I’ve installed Apache Solr on a range of servers over the years. The consistent problems are I don’t do it enough to memorize it, but it’s enough to be frustratingly repetitive. I end up researching the process every time. I’ve discovered this is a common problem for many people. There are numerous blog posts describing the process in detail. Download this, configure that, etc. This time I needed to install Solr on two local dev machines, the staging server, and the production server. I thought: “Four times? Nope, I’m scripting this!”

The script installs the current multi-core Apache Solr 4.x.x in Tomcat 6 on the Debian, Ubuntu, LinuxMint, Red Hat, Fedora, and CentOS Linux operating system distributions. I’ve tested them with Solr 4.6 and 4.7. It will optionally install the Solr configurations supplied with the Drupal Apache Solr or Drupal Search API Solr modules. There are VagrantFile files for five distributions are included for testing.
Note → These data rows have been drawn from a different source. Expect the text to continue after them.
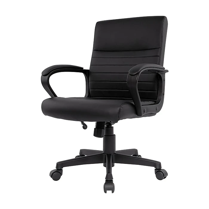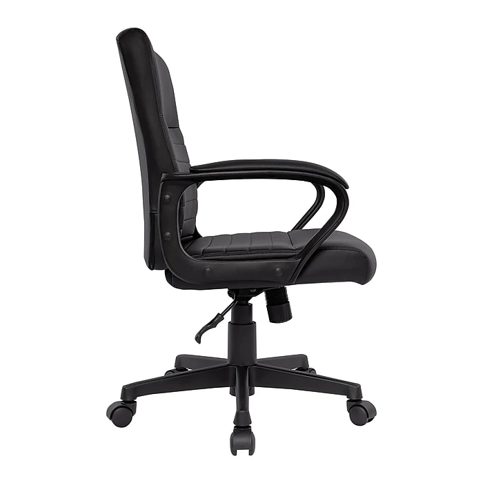 Stay comfortable while you work in this Tervinaâ„¢ black managers chair. Padded armrests provide added comfort, and built-in lumbar offers additional support. The soft upholstery looks and feels just like real leather for an elegant finishing touch. Use the pneumatic seat height adjustment and tilt tension to find then lock the perfect setup for your body.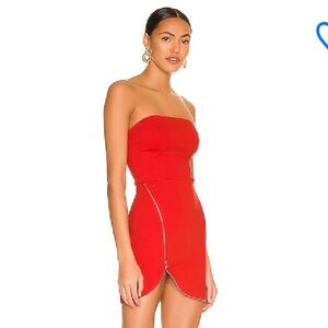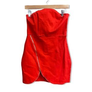 Superdown nylah front zip dress Strapless Red Mini zipper Revolve M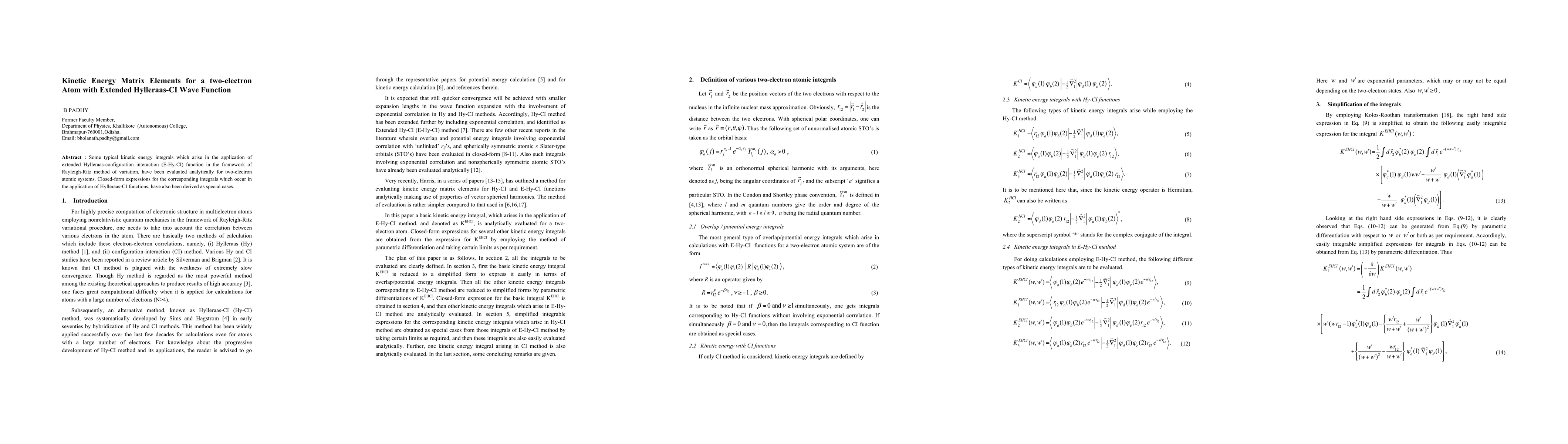This paper evaluates analytically typical kinetic energy integrals for two-electron atoms using the extended Hylleraas-configuration interaction method within the Rayleigh-Ritz variational framework. It also derives closed-form expressions for these integrals as special cases of the general approach.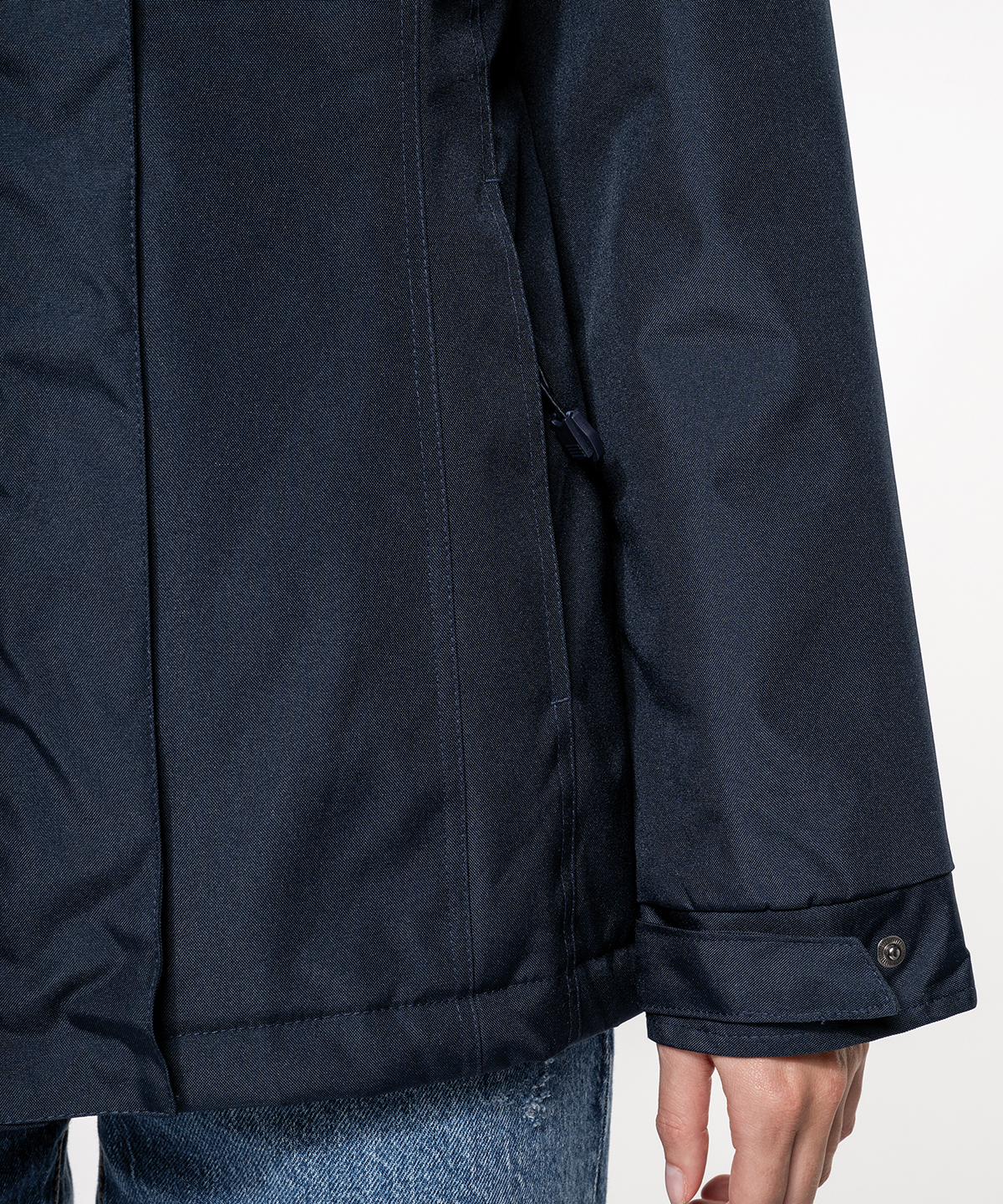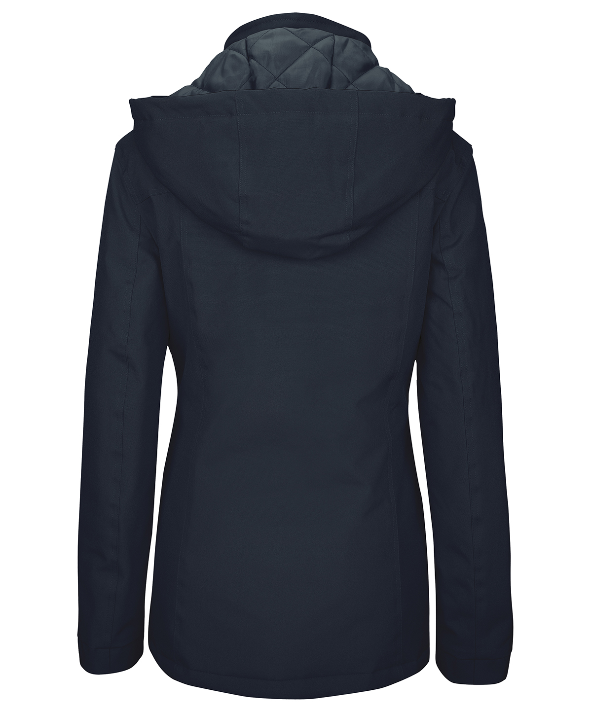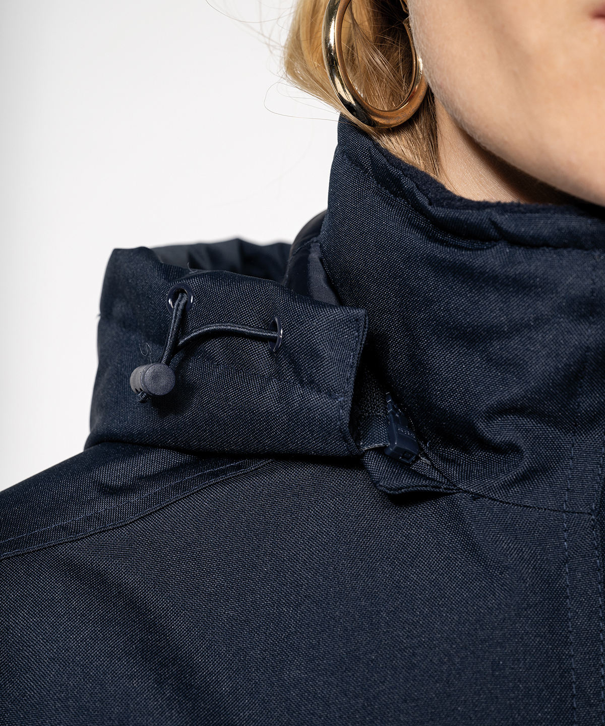 Outer: 100% polyester Oxford. Inner: quilted polyester. Zip fastening with invisible tab and press studs. 2 zipped outside pockets. 1 inside pocket. Detachable hood. Fleece-lined collar. Zip access for decoration.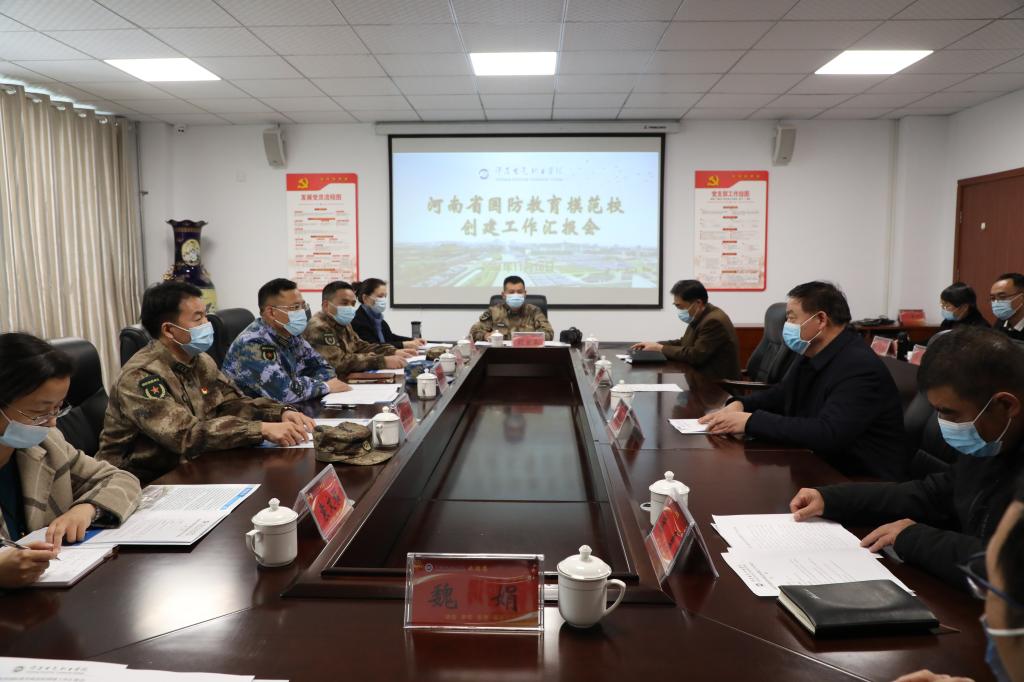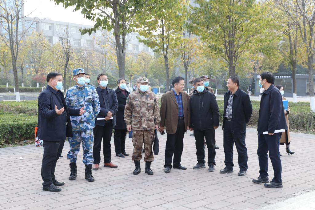 11月16日下午,许昌军分区副司令员李聚国带领考核验收小组一行七人到我院验收指导“河南省国防教育模范高?!贝唇üぷ?。学院在第二会议室举行了汇报会,汇报会由学院院长杨德岭主持,学院副院长冯朝印、工会主席张勇及有关处室第一负责人出席并陪同检查验收。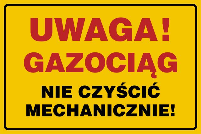 Znak Uwaga gazociąg nie czyścić mechanicznie
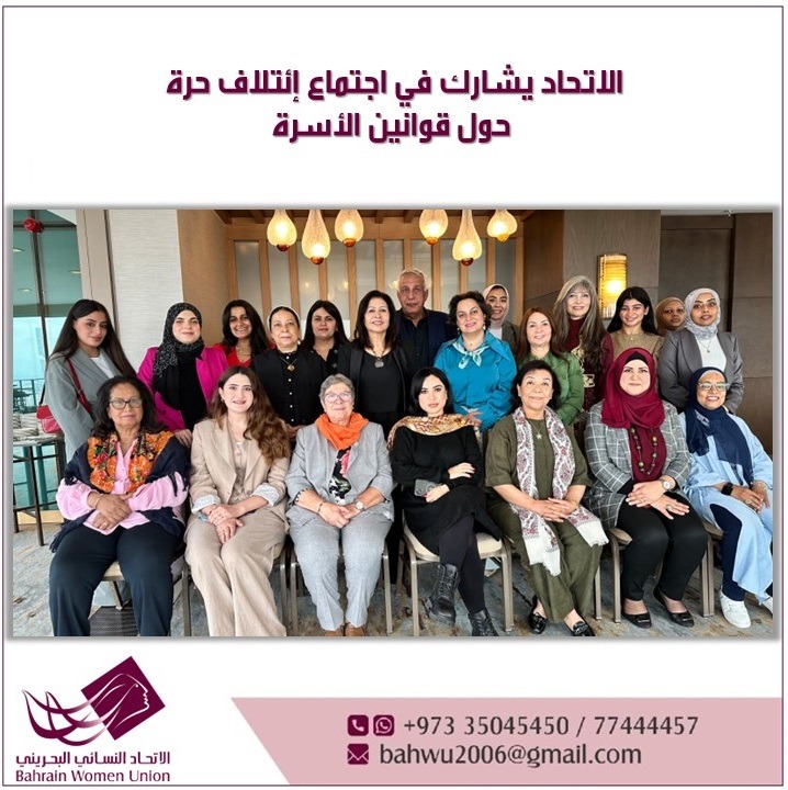 Ms. Badriya Al-Marzouq, Head of the Family Laws and Marriage Contract Document Committee at the Bahrain Women’s Union, participated in the meeting organized in Istanbul, Turkey, by the Free Coalition affiliated with the Equality Now organization, during the period from 18 to 20 October 2025.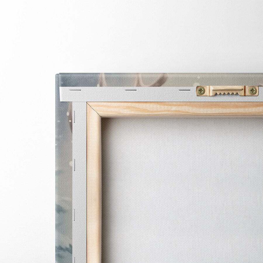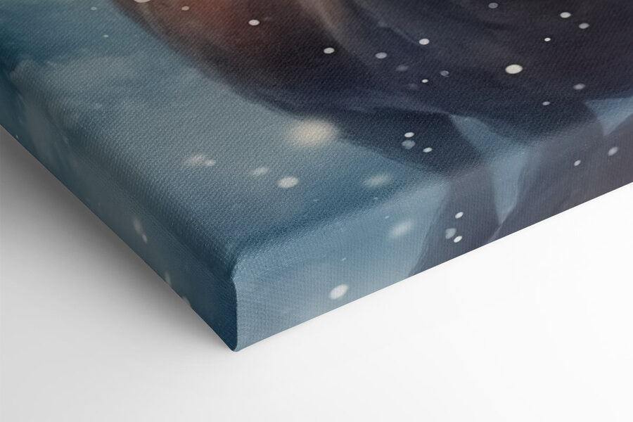 Stel je een serene winterscène voor waarin een majestueus hert met een opvallend gewei zelfverzekerd staat te midden van zachtjes vallende sneeuwvlokken. Deze canvasprint legt niet alleen de schoonheid van de natuur vast, maar nodigt het wonder van het bos ook bij je thuis uit. Stel je voor dat het sierlijk aan de muur van een woonkamer hangt en dient als dagelijkse herinnering aan rust en het buitenleven. Vrienden zullen het bewonderen en misschien brengt het gesprekken op gang over wandelavonturen of gezellige sneeuwdagen. Bovendien lijken die zachte ogen van het hert een heel eigen verhaal te vertellen – mysterieus en wijs. Het is als een frisse boslucht, perfect om een vleugje natuurlijke charme toe te voegen aan elke ruimte.

It is available on GitHub: https://github.com/13rac1/install-apache-solr For your basic no-question automated install enter the following at the command line:

curl https://raw.github.com/13rac1/install-apache-solr/master/install.sh | sudo bash -s

If you don’t trust running random scripts as root directly off GitHub or want to install one of the Drupal module configurations, then clone the repo first:

git clone https://github.com/13rac1/install-apache-solr.git
cd install-apache-solr
sudo ./install.sh

The install.sh supports the following command line options:

  -a, --apachesolr-schema
        Install the current Drupal Apache Solr Search 7.x-1.x-dev module conf
        for Solr 4.x
  -h, --help
        Display help
  -s, --search-api-schema
        Install the current Drupal Search API Solr search 7.x-1.x-dev module
        conf for Solr 4.x

The script does the following:

  • Checks command line options
  • Checks for required programs
  • Installs Tomcat 6
  • Locates an Apache Mirror
  • Downloads the most recent 4.x.x Solr
  • Installs Solr
  • Optionally installs the Drupal specific configurations
  • Tests Solr for a valid response

After installation, you’ll be able to access Solr at: http://localhost:8080/solr4/core0

Pull requests for additional Linux distributions, newer versions of Solr, or new features are greatly appreciated.

Warning

Be sure you need Solr before using it in your project. It is an attractive option, but often overkill. Are you indexing more than 100k items and/or expecting 100k users/day? Do you need Solr specific functionality? Be honest. Make sure your client is honest. Only 10k items? Your database can probably handle it. If you are using Drupal the Search API Database backend will often handle your needs. Even Drupal.org runs on the database-only backend (although it is an extreme example.)

Enjoy!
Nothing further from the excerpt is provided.